» **THE TASK**
In the records below, find the line with "自分たちと同じくらいの大きさ" and repeat exactly every line from it through the line with "Šal u cik-cak". Pictures stay out.

» **TASK INPUT**
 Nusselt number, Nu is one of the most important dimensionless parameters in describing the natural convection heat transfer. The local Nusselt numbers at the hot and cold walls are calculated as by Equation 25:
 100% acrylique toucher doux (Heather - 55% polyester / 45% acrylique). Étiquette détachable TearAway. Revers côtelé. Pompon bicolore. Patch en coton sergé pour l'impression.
...
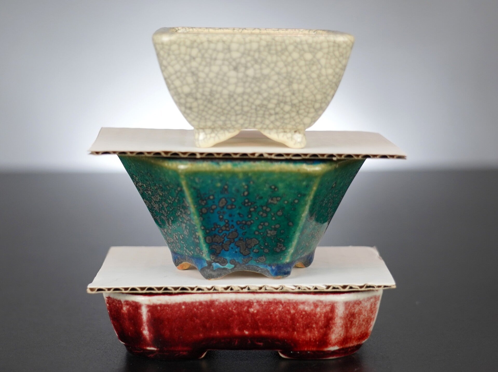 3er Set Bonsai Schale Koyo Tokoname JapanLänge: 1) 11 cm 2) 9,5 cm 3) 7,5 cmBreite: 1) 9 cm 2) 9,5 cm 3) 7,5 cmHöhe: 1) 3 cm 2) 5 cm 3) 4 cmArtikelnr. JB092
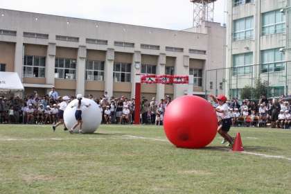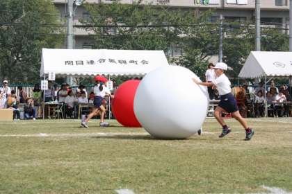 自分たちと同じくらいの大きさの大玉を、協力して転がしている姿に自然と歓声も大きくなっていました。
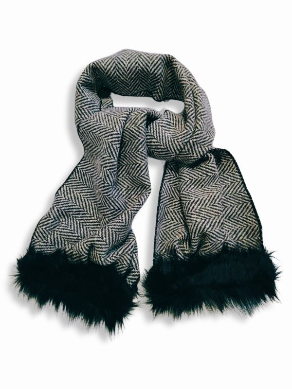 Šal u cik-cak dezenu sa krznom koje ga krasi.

» **SOLUTION TO THIS EXERCISE**
 自分たちと同じくらいの大きさの大玉を、協力して転がしている姿に自然と歓声も大きくなっていました。
 Šal u cik-cak dezenu sa krznom koje ga krasi.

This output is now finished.